Despite the tense atmosphere and the dire straits, the characters find themselves in, or perhaps because of them, the author also offers us some glimpses of humour (mostly dark), some beautiful descriptions, and thought-provoking reflections that allow us to catch our breath. There are some wonderful little details that we only become fully aware of at the end (oh, and I love the ending, mini-epilogue and all), and I am very impressed by the talent of the author to make all the pieces of the puzzle come together seamlessly. People who love a mystery will probably start to tie some threads early on, and some will be faster than the characters (although, of course, we have more information than they have, and we are not under the same kind of pressure), but, my guess is that most won’t be disappointed when everything is revealed.
In sum, this is another great novel by C.J. Tudor, and one that I am sure will keep her followers coming back for more. And those who haven’t read her yet, if you like the sound of this, what are you waiting for?
I leave you a few quotes, although I recommend checking a sample online if you aren’t sure the writing style will suit your taste.
‘Here’s the other thing my grandpa taught me. You´re either a good guy or you’re a survivor. And the earth is full of dead good guys.’
One of the characters, when asked why they care, says:
‘Because caring is all we have left. If we stop caring —about life, about other people— who are we? What have we become?’

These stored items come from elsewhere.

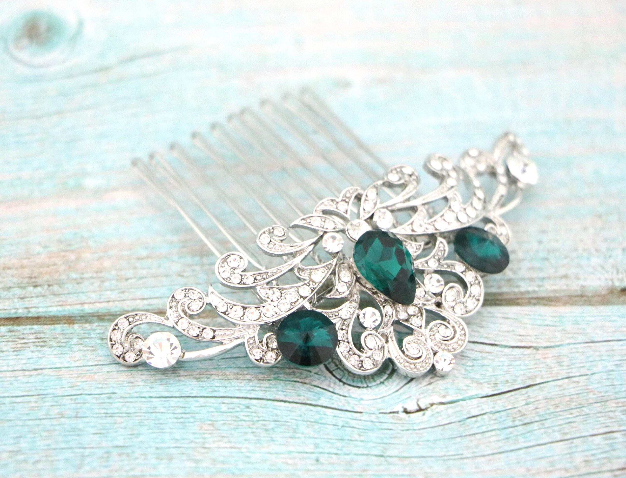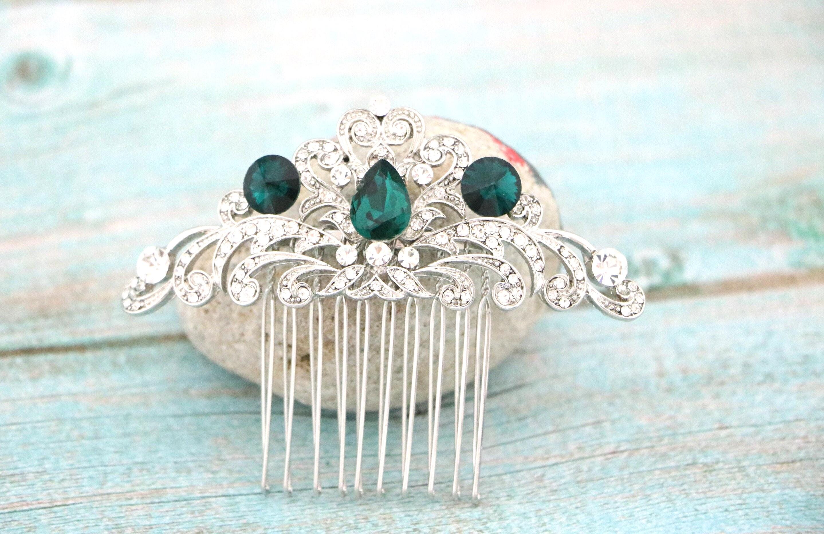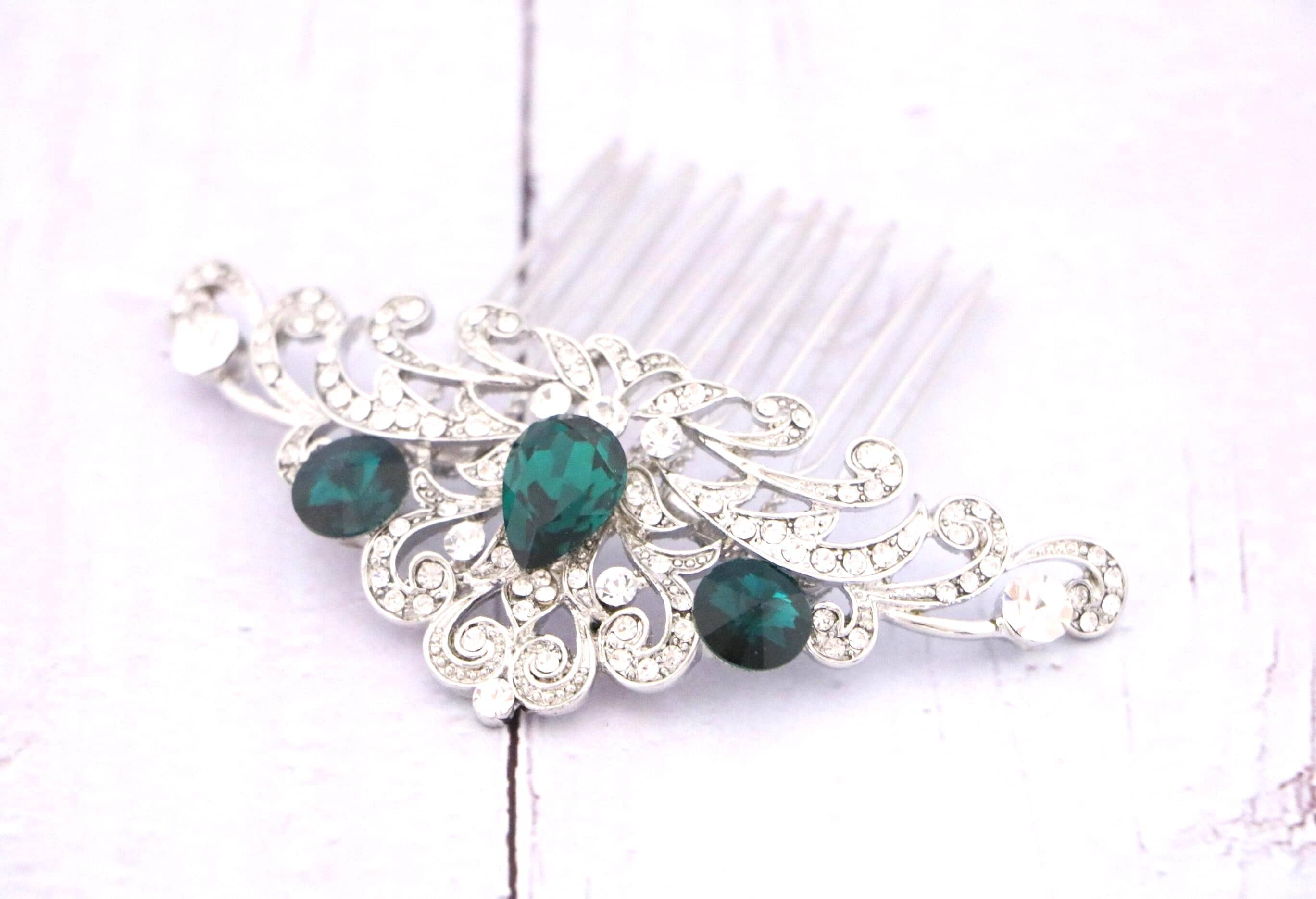 This beautiful Clear rhinestone and Emerald Crystal hair comb is a perfect compliment for the wedding party and can easily fit into any hair style. The Rhinestone part measured approximately 3.75 X 1.5 inches.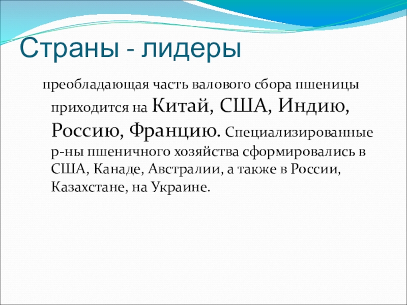 США, Индию, Россию, Францию. Специализированные р-ны пшеничного хозяйства сформировались в США, Канаде, Австралии, а также в России, Казахстане, на Украине.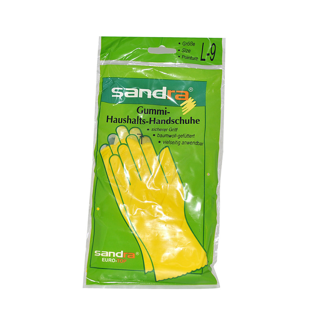 Ανθεκτικά γάντια οικιακής χρήσης SANDRA από λατέξ, που παρέχουν αποτελεσματική προστασία έναντι των κινδύνων για την υγεία σε οικιακές και επαγγελματικές εργασίες.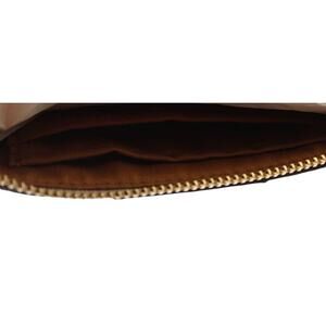 Signature perforated leather Two credit card slots Zip-top closure, fabric lining Wrist strap attached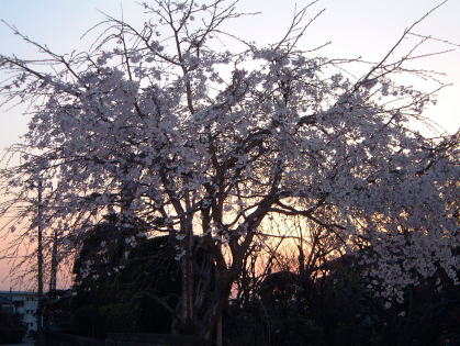 最近は庭を花できれいに飾るお宅が本当に多くなりました。左の写真は近所のお宅ですが、ユキヤナギと黄色い花の取り合わせは実に美しいですね。そして右の写真は夕暮れ時の「しだれ桜」の写真です。私はずっとこれは散りかけた梅の木だとばかり思っていたのです。ところがテレビの天気予報で桜が満開になったと聞いて、テレビの映像を見てはっとしました。そうですこれはしだれ桜だったのですね。(2005年4月5日夕方撮影)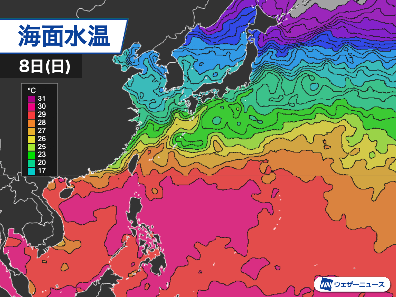 フィリピン周辺は海面水温が高い

If the road to hell is paved with good intentions, it’s also a oneway street. No going back.
Tudor's best yet! I read this straight through in one sitting which meant staying up to 3.40am and I have no regrets!
Three timelines - each gripping in its own right. Significant and immediate danger against a backdrop of a world hit by a pandemic where society has been rocked by mass deaths, lockdowns, isolation and the race to engineer a vaccine. Scarily plausible and familiar.
I enjoyed the fast pace, the bleak and claustrophobic settings, the active female characters, the additional intrigue from the structure alternating between three points of view and the slow dripfeed of info relating to how these will merge. I also appreciated the themes of outsider status, ethics, and how far is too far in the quest to survive. Tudor explores at what point does someone lose their humanity. Horror, dystopia, thriller. Fantastic!